Records from a data source
────

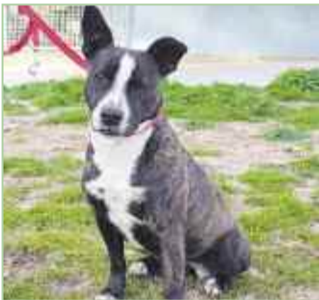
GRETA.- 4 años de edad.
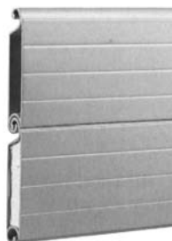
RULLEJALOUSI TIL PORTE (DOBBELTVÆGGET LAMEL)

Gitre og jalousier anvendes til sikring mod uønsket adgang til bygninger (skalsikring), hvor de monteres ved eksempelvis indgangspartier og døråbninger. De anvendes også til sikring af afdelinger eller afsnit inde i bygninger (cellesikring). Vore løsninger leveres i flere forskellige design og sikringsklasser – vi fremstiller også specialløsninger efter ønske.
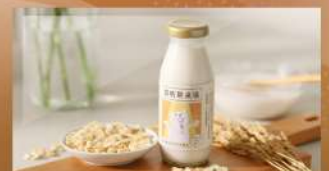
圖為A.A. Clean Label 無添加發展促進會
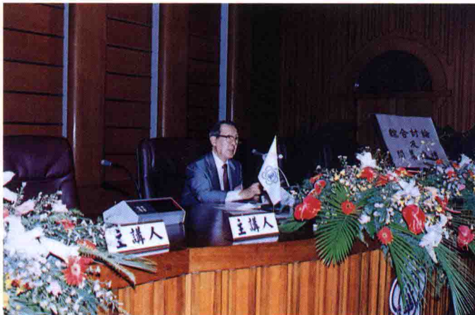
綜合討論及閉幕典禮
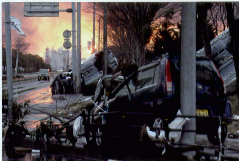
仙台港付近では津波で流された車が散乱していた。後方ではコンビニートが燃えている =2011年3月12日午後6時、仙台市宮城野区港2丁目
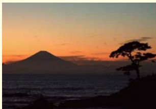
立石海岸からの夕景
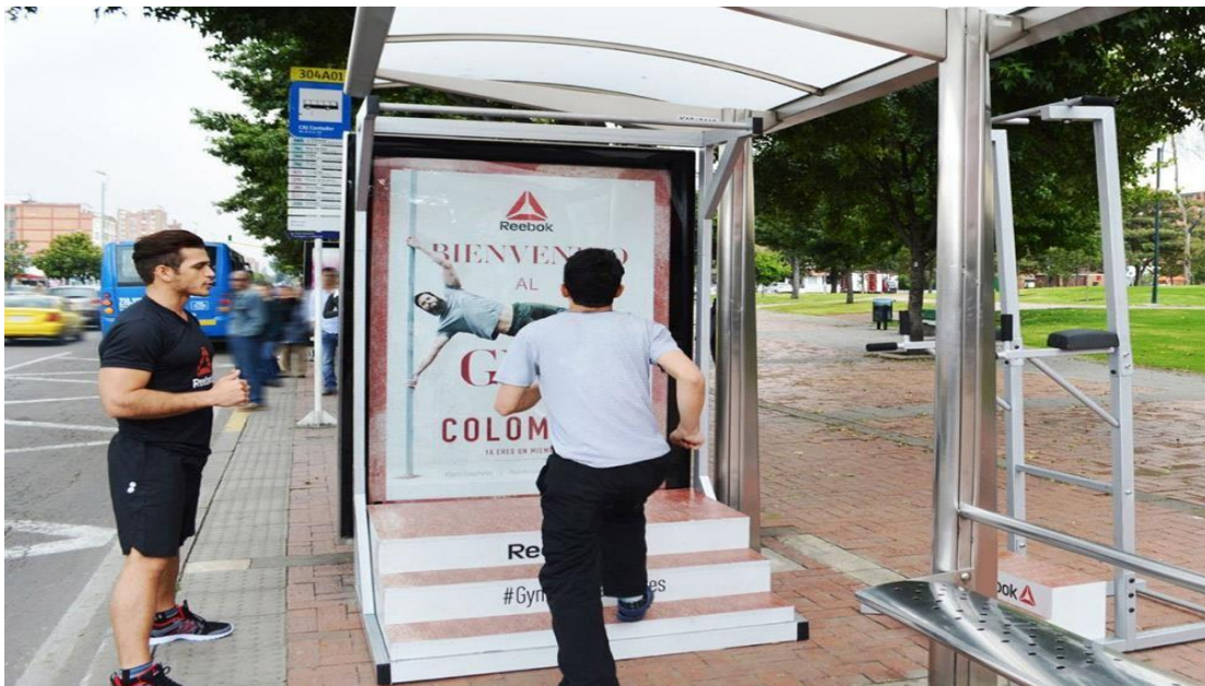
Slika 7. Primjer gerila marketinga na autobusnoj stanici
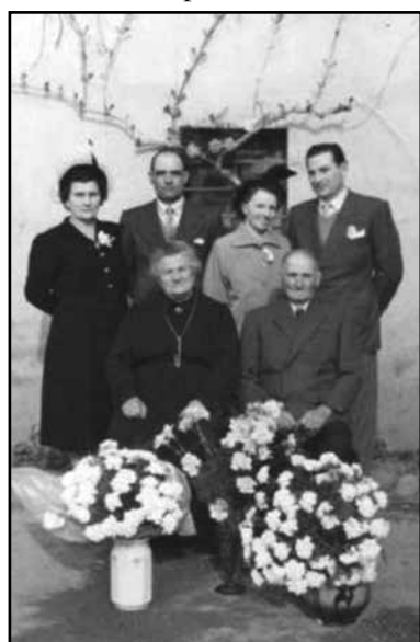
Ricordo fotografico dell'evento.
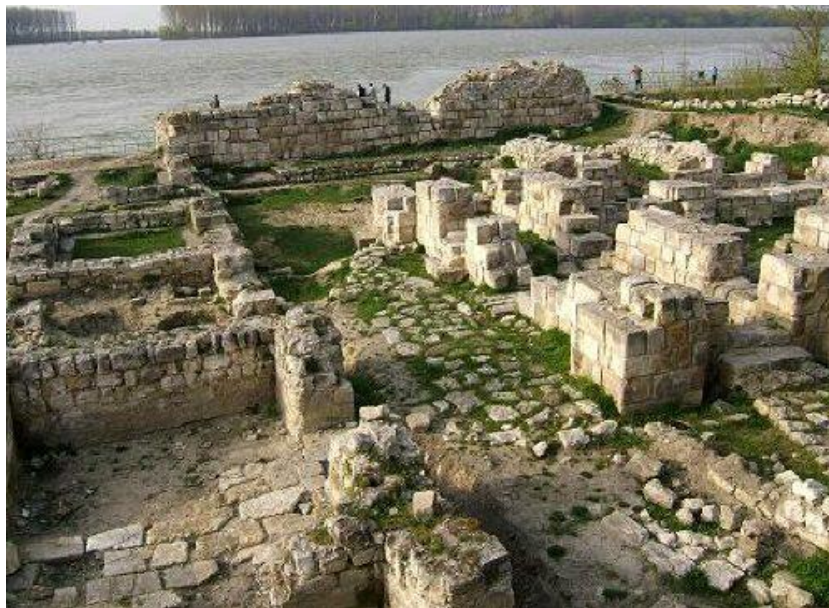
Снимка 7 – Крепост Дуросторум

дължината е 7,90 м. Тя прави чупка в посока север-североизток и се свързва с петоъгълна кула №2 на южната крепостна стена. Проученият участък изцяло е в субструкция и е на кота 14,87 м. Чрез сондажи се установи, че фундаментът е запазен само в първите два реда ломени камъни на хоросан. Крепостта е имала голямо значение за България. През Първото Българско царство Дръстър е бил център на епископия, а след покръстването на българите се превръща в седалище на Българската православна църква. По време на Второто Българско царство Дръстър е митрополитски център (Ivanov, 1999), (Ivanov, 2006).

────

THE PROBLEM: Return, exactly as they stand, the lines above from the one with "圖為A.A. Clean Label 無添加發展促進會" to the one with "Снимка 7 – Крепост Дуросторум", omitting any pictures among them.

TASK ANSWER:
圖為A.A. Clean Label 無添加發展促進會
綜合討論及閉幕典禮
仙台港付近では津波で流された車が散乱していた。後方ではコンビニートが燃えている =2011年3月12日午後6時、仙台市宮城野区港2丁目
立石海岸からの夕景
Slika 7. Primjer gerila marketinga na autobusnoj stanici
Ricordo fotografico dell'evento.
Снимка 7 – Крепост Дуросторум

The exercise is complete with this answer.